# What veil with my dress??



## kittiecat

My dress is Maggie Sottero Taleigha and I'm trying to decide what type of wedding veil would look best with it. Can't decide whether to go for a fingertip veil, a sheer chapel/cathedral veil or an elbow veil. I love the sash detail and don't want to take away from that too much but also love the look of a longer veil. I am thinking of having the veil more at the back with an updo to go with the side tiara I've got.
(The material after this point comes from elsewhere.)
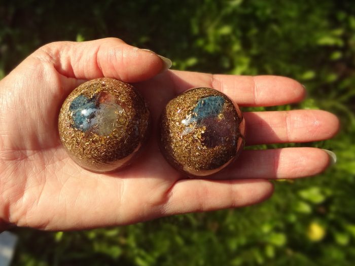 Malý orgonit ve tvaru puklíku - nízká polokoulička. Osobní talisman pro štěstí, harmonizaci lidské energie, čištění emocí, zlepšování nálady..jemně harmonizuje blízké okolí. Může také zlepšovat kvalitu vody, pokud bude umístěn blízko nádoby s pitnou vodou. Podporuje změnu vědomí a zvýšení fyzických a aurických vibrací. Jeho posláním je zejména: posilovat životní sílu, pomáhat při stavech nedostatku energie, únavy. Posiluje obecně kvality lásky a tolerance. Může být nápomocen nejvíce při stavech: deprese, beznaděje, poruch jater, srdce, sklíčenosti, uspěchanosti, problémech s chrupavkami končetin, povzbuzuje kladné sebehodnocení u žen a pročišťuje toxicitu obecně. Obsahuje krystaly přírodního křišťálu a uruquayského zvláště výrazně fialového ametystu a křišťálový písek. Šperkařská průzračná pryskyřice, piliny mědi a mosazi, hladký tvrdý lesklý povrch, okraje ručně zbroušené, spodní strana rovná, na dotek hřejivý, ideální jako dárek (info letáček přibalím).

Really appreciate any thoughts or advice!

Dress:

https://i1211.photobucket.com/albums/cc433/kittiecat1603/2D31199B-9E9A-4977-8523-56A743439967_zpska2xufpf.jpg

https://i1211.photobucket.com/albums/cc433/kittiecat1603/7A2ACC63-E9BD-403F-922D-E071FC6D5A19_zps9plvuvjk.jpg

Tiara:

https://i1211.photobucket.com/albums/cc433/kittiecat1603/2CEEFE30-5AA1-43F6-8E42-089B92E6F0DA_zpszchss2hy.jpg

https://i1211.photobucket.com/albums/cc433/kittiecat1603/B7088252-FDFF-4A86-8B22-094AD6BE8FA3_zps4puzcqve.jpg


----------



## Logan's Mum

Not sure on veil, wanted to say that you look stunning in that dress! And great date choice :haha: x


----------



## kittiecat

Logan's Mum said:


> Not sure on veil, wanted to say that you look stunning in that dress! And great date choice :haha: x

hehe :lol:


----------



## Logan's Mum

Have you considered netting that attaches to the tiara (sorry don't know the proper name for it). It would be a shame to cover the back with a veil. 
Where are you getting married? x


----------



## kittiecat

Getting married at crowhurst park in a manor house. Starting to think a cathedral veil would be a bit much and am now thinking maybe an elbow one? So then it would stop right where the sash begins so the detail isn't lost. Shame as I love cathedral veils but don't want to look OTT either


----------



## kittiecat

anyone else?? Still very undecided on this. I do love longer veils but don't really want it to extend beyond the train of my dress but reach the edge so have no idea if that would be chapel or cathedral length. My Mum seems to think I could get away with a long veil as the dress doesn't have too much detail going on. I don't want it to look too much for my venue either lol


----------



## KrissyC

I think a long veil would look great with it. Did the shop let you try some on with it? That would be the best way to decide. Your dress is beautiful! Xx


----------



## smileyfaces

Dress is absolutely beautiful xxx not sure on veil, something long and floaty at the back of your head x


----------



## CakeCottage

Ooh your dress is fab hun, I haven't got a picture of me trying mine on :-( 
I think a veil will look great with it, maybe a fingertip length one? You'll end up taking it off after pictures anyway as they can get in the way! 
I originally thought I would t have one as my dress is quite busy but I've decided on getting a fingertip length one as it just makes me feel that bit more 'bride-ish' 
X


----------



## TTCabundle

Your dress is gorgeous! Personally I think a fingertip veil would look lovely x


----------



## kittiecat

Thanks ladies. So hard to decide so will try some on in the shop I bought my dress in and then decide :).


----------